How much is your desired dataset worth? The answer depends on the questions you are asking and the amount of difficulty involved in getting to the answers. To be sure, these data are incredibly valuable to you. It will certainly be valuable to the scientific researchers you may collaborate with, and the institution you are affiliated with. It could literally help change the world.
But before you start trapping animals for tagging, you’ll need to find and rationalize funding. That’s the point of this article. Not all types of data are equally valuable. The gold standard for wildlife telemetry is GPS data. And each GPS fix includes additional data beyond the latitude and longitude. What follows is a simplified look at what it takes to make monetary value statements about different animal biotelemetry devices that provide GPS data, using solar or battery-only design.
The costs to acquire devices are simple to understand: this is the hardware price per unit delivered to you. Easy to get by contacting suitable manufacturers. Be sure that the overall device life expectancy is understood, because this is an important factor in this calculation.

Costs to retrieve your data may not be as clear, but in the end these are really quite simple. It’s typically presented as data access, annual GSM service, or something similar. There may be a variable component that can be based on the volume of data you retrieve. Our data access, for example, is a flat annual rate.
Costs to analyze data are the time and any software and platform costs. Analytic software licenses, consulting for programming, computer and storage use fees, etc. The time costs can be difficult to define in advance, but it will certainly help your potential funders understand the level of effort you anticipate for a project.
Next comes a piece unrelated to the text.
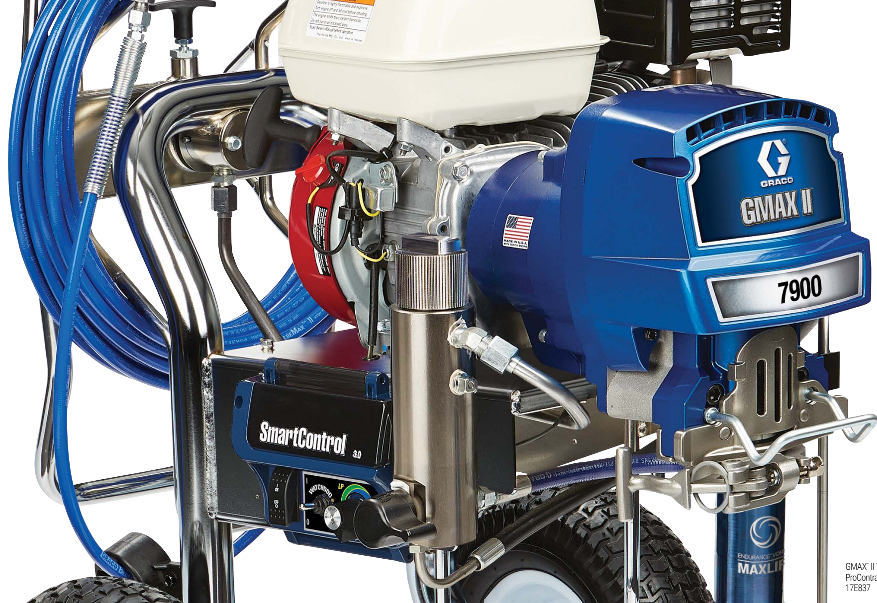
GMAX II 7900 ProContractor 17E837

Behind every Graco sprayer is the industry's strongest warranty. You may never need Graco's warranty — but if you do, we will be there.

Life of devices, separate from the length of a particular project, will be the equalizer. This metric is what drives the next, the total number of data points you expect over the life of the device. Units with primary batteries, and no solar recharging, will have shorter life spans and therefore far fewer data points than solar recharging units. With primary (i.e. “non-rechargeable”) battery models, the size of the device usually dictates the physical space for battery. So smaller, battery-only models will have a much shorter life and fewer data points. Solar recharging models conceptually have infinite life. In reality, the life expectancy should be three years. We have many units still in operation for more than three years, but let’s use this as an average for solar powered devices.
Number of GPS fixes over the life of the device is the product of the duty cycle you expect to run and the life expectancy of the device. So if you are going to gather GPS fixes at two hour intervals for 24 hours a day, and your device has an eight month life expectancy, you can anticipate 240 days x 12 data points per day for 2,880 total GPS fixes. For a solar powered wildlife telemetry device, using three years, or 1,095 days x 12 data points per day gives you 13,140 total GPS fixes.
Now simply add up the cost of the data acquisition, retrieval, and analysis, then divide the total by the number of GPS fixes expected.
Your data are valuable because they will ultimately add to the body of scientific knowledge. The cost per datum has to be understood so you can make a persuasive presentation for funding. Using this simple approach will help you be more effective when seeking grants and donations.